How Can I Quit Psychoactive Medication?
Psychoactive medication likely has damaged your ears, both of them. Simply quitting or tapering off the drug or drugs may be healthier in some ways, but your ears, which were the likely cause of your prescriptions, may be in worse shape than ever. It is dangerous to quit a psychoactive drug suddenly (cold turkey). You can support the ears with music while you are thinking about whether or not to quit. The safe way to quit is to taper the dosage slowly.
Information about tapering off psychoactive drugs without the support of Focused Listening is available on Mad in America.com and on Altostrata’s website Surviving Antidepressants. People at those venues delve into such brain chemical issues as “the serotonin transporter occupancy curve.” According to one source, the brain loses 80 percent of its reuptake capacity at minimum doses of most SSRIs. This means that an abrupt withdrawal of the minimum dosage of the drug is going to force the brain suddenly to use up its natural source of serotonin without leaving much for the brain “to feel good” with. You can taper that excessive dosage over the minimum more rapidly without feeling strong effects.
When you consider that schizophrenics are considered “sicker” than people with less extreme aberrant behavior, you can understand why they often have been prescribed exponentially more than the minimum doses of those drugs, even though that strategy contravenes research findings. Quite apart from ear muscles left stunned in the wake of the drugs, SSRI withdrawal is a shock to the brain. Less shock is involved during the early stages of withdrawal of an excessive dose. Greater discomfort is likely when reduction approaches the level of “the minimum dose.”
The strategy of 10 percent withdrawals with four weeks “holds,” i.e., maintenance of the dosage at the reduced level for four weeks, has gotten many people off way too much medication. It’s hard to do, and there is no guarantee of feeling well when the goal of “drug-free” has been attained. The chemistry has improved but the sound energy requirements of the brain remain deficient because, more often than not, the ears have been damaged.

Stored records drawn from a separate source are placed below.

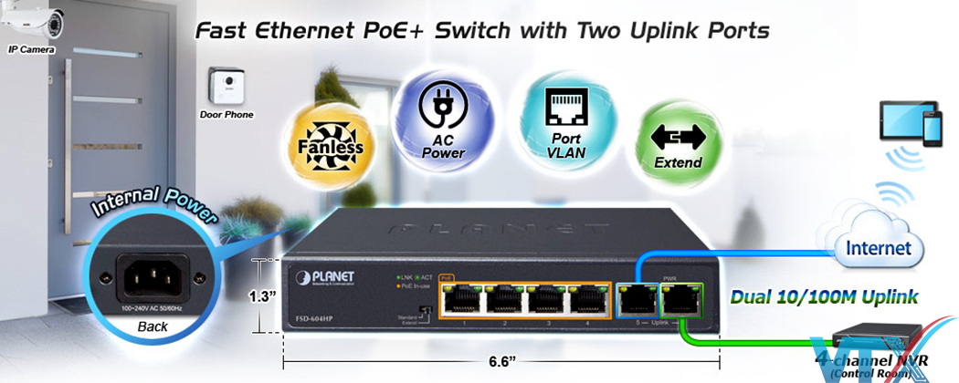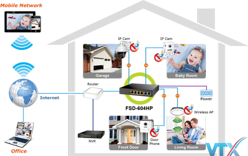 Với tính năng mở rộng, FSD-604HP 802.3at/af PoE Switch giúp người dùng tại SOHO/home tạo ra dữ liệu tích hợp, video và mạng được cấp nguồn. Camera AP và PoE IP không dây và các thiết bị điện thoại cửa PoE hoạt động hoàn hảo với FSD-604HP, truyền năng lượng qua cáp Ethernet, xây dựng hệ thống ổn định và đảm bảo cho SOHO/home
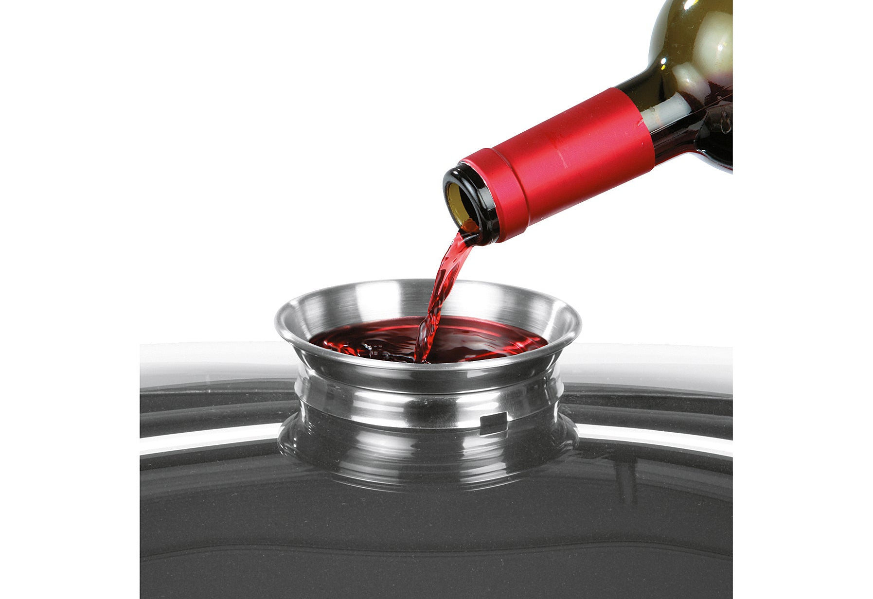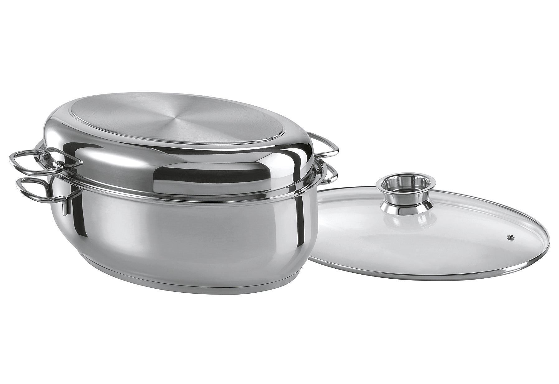 - Edelstahl rostfrei 18/8, Materialstärke: 0,8 mm, Edelstahldeckel mit Thermo-Kapselboden ca. 3 mm – ernergiesparend, auch einzeln verwendbar, Glasdeckel ist mit Aromaknopf - zum Beträufeln des Bratgutes mit z.B. Wein
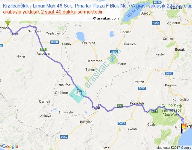 Kızılcabölük - Liman Mah.46 Sok. Pınarlar Plaza F Blok No:7 A arası yaklaşık olarak 90 km/h ile yukarıda belirtilen sürede olup, iki yerin kuş uçuşu uzaklığı (mesafesi) 164'dir. Yolculuk otobüsle 3 saat 28 dakika sürmektedir.
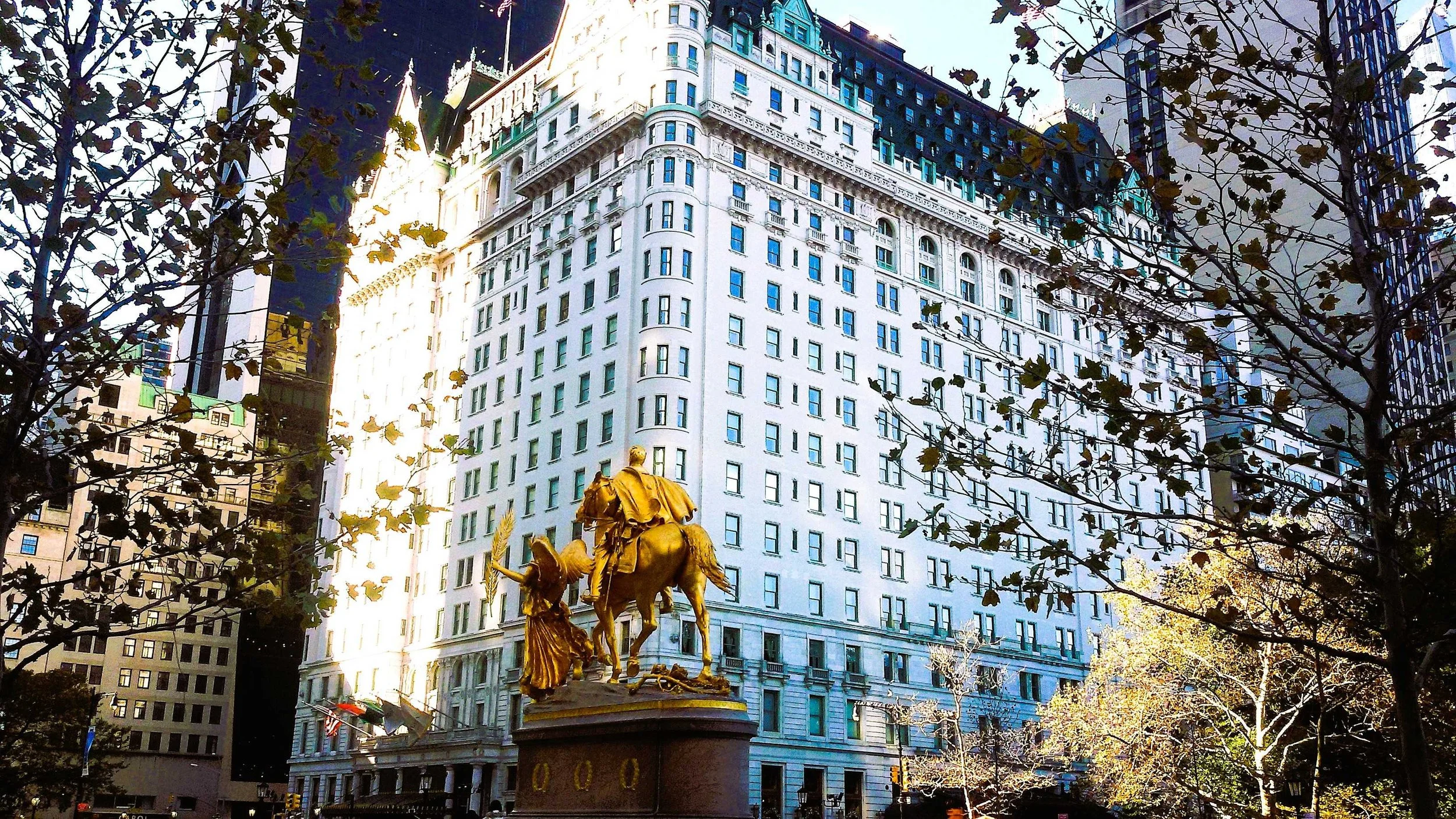 Grand Army Plaza on Fifth Avenue, New York, with the Plaza Hotel and its gilded statue. Photograph by Barbara Athanassiadis
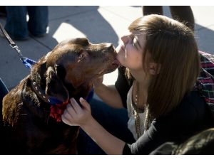 Students signed waivers and stood in line for a chance to spend several minutes with their choice of eight different dogs, including a Labrador, a French bulldog and a Shetland sheepdog. “Animals help relieve anxiety,” said Megan Kauffman, a therapist with the university’s Student Psychological Counseling Services. “It’s really therapeutic to pet a dog and relax, especially during finals.” Freshman Eddie Lopez said the sight of a dog was welcome. “Since we can’t have dogs in the dorms, it’s been forever since I’ve seen a dog,” Lopez said. “It’s fun to be able to pet one.”
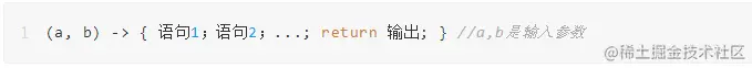 Lambda表达式包括三部分:输入、函数体、输出。表示出来的话就是下面这个样子:
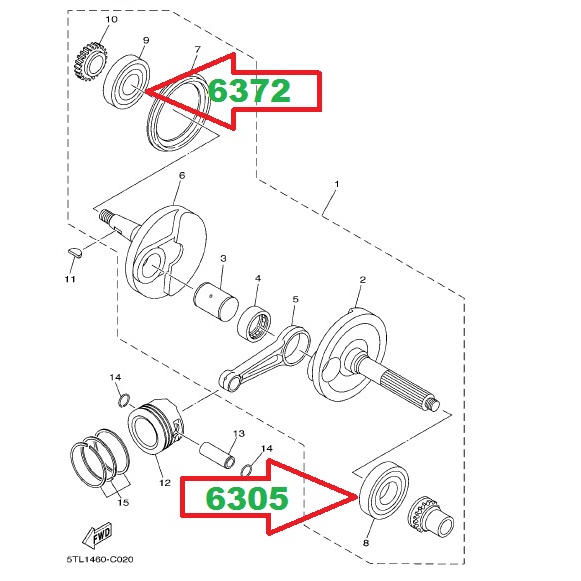 > Crankshaft Bearing (Segunyal Bearing) MIO SPORTY/MIO AMORE/MIO SOULTY/SOUL CARB (93306-305X3)
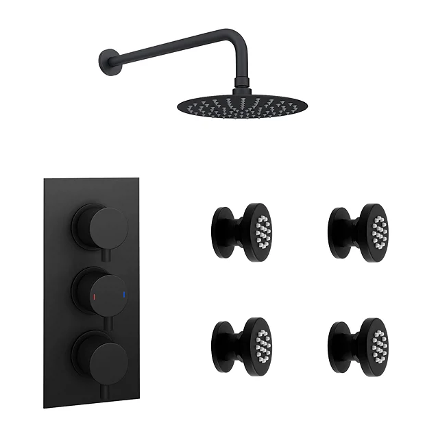 The on-trend Arezzo matt black round range brings substantial elegance to the modern bathroom. Package includes a concealed triple thermostatic shower valve, fixed shower head and 4 round body jets. The shower valve offers thermostatic showering via three easy to operate controls that give you power over temperature and flow. Triple shower valve operates two outlets separately or simultaneously (overhead shower head or body jets). The solid brass construction makes the valve durable and quick to clean thanks to the smooth finish. The ideal solution for multi-option showering.
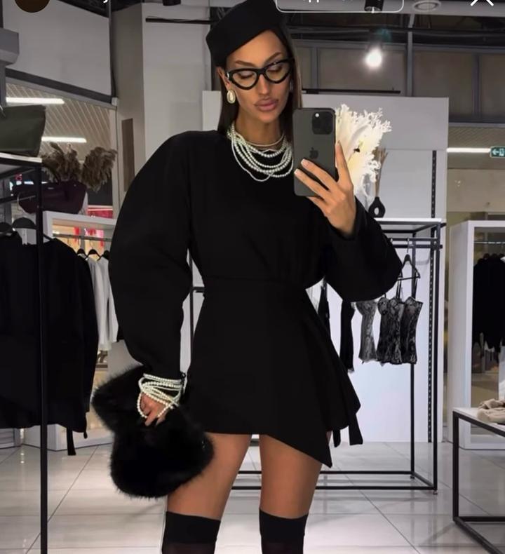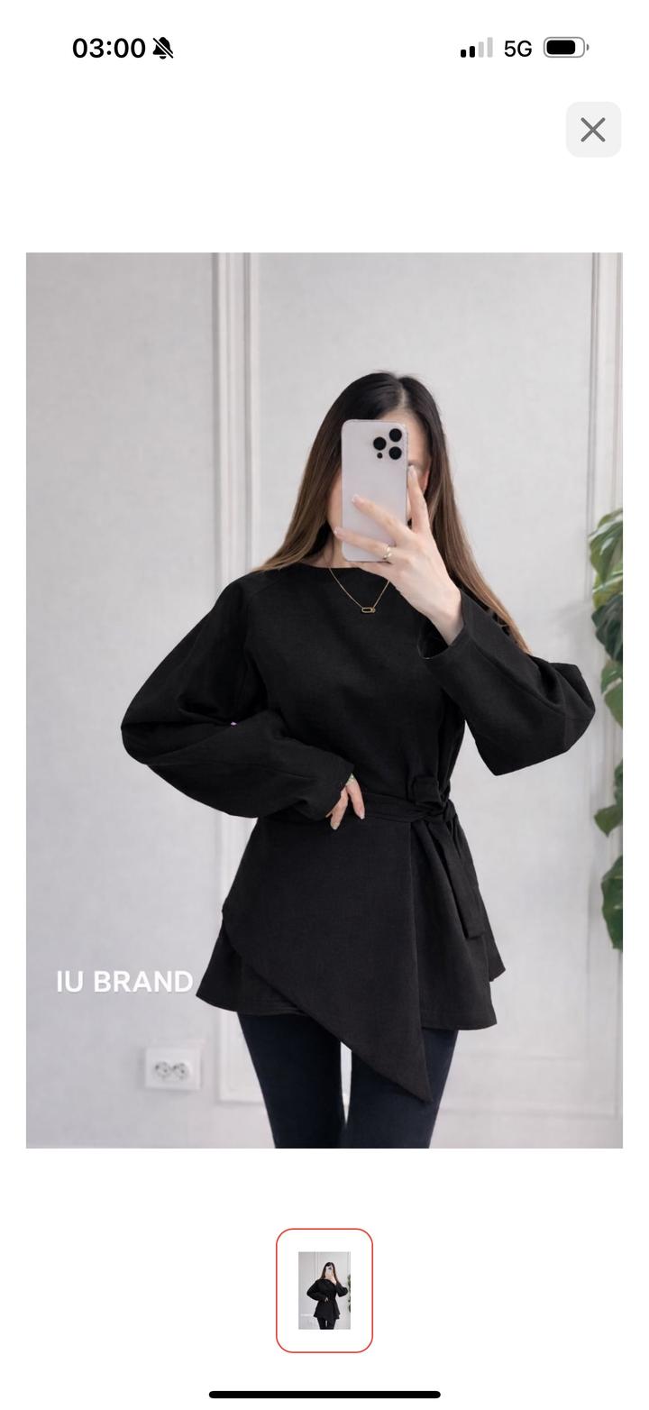 Туника в черном цвете с акцентной баской на талии, размер S. Носила 1 раз. Артикул: 570685

After Daniel’s release from hospitalization, my first surprise was his family doctor’s intention to reduce Daniel’s medication. Daniel’s several medications were reduced very quickly to only one drug (Risperdal) and, then, gradually to 1/96 of the psychiatrist’s prescribed dosage, which had been 6 mg. That process of trial and error took three or four years. It could have taken only three months, but we did not have access to the research of other doctors during most of that time. For two years, Daniel had been abusing alcohol, cannabis, and amphetamines regularly, and various hallucinogens sporadically. His continuing substance abuse complicated the reductions in Risperdal dosages.
After 2006, Daniel’s sudden withdrawals from non-prescribed drugs were cushioned by his Focused Listening therapy. However, during two of his recoveries, he used extremely low doses of Risperdal (1/16 mg and 1/8 mg). Focused Listening supported his ears during illicit drug withdrawal and continued to support them under the influence of Risperdal. He regained normal cerebral integration and normal behavior when the very low amount of Risperdal was withdrawn. Likely, he would have recovered faster during his first two healings if medication had not been used because that is what happened during his third recovery in 2016.
The drugs most often prescribed to control mood and behavior not only weaken the ear muscles but have significant side effects that harm other parts of the body. Withdrawal symptoms should be understood from the standpoint of stapedius muscle damage that deprives the brain of normal flows of sound energy and of chemical changes in the brain and of organ damage directly attributable to the drugs (P.W. Andrews, J.A. Thomson, Jr., A. Amstadter, and M.C. Neale, [2012] Primum non nocere: an evolutionary analysis of whether antidepressants do more harm than good. Frontiers in Psychology 3:117. doi: 10.3389/fpsyg.2012.00117).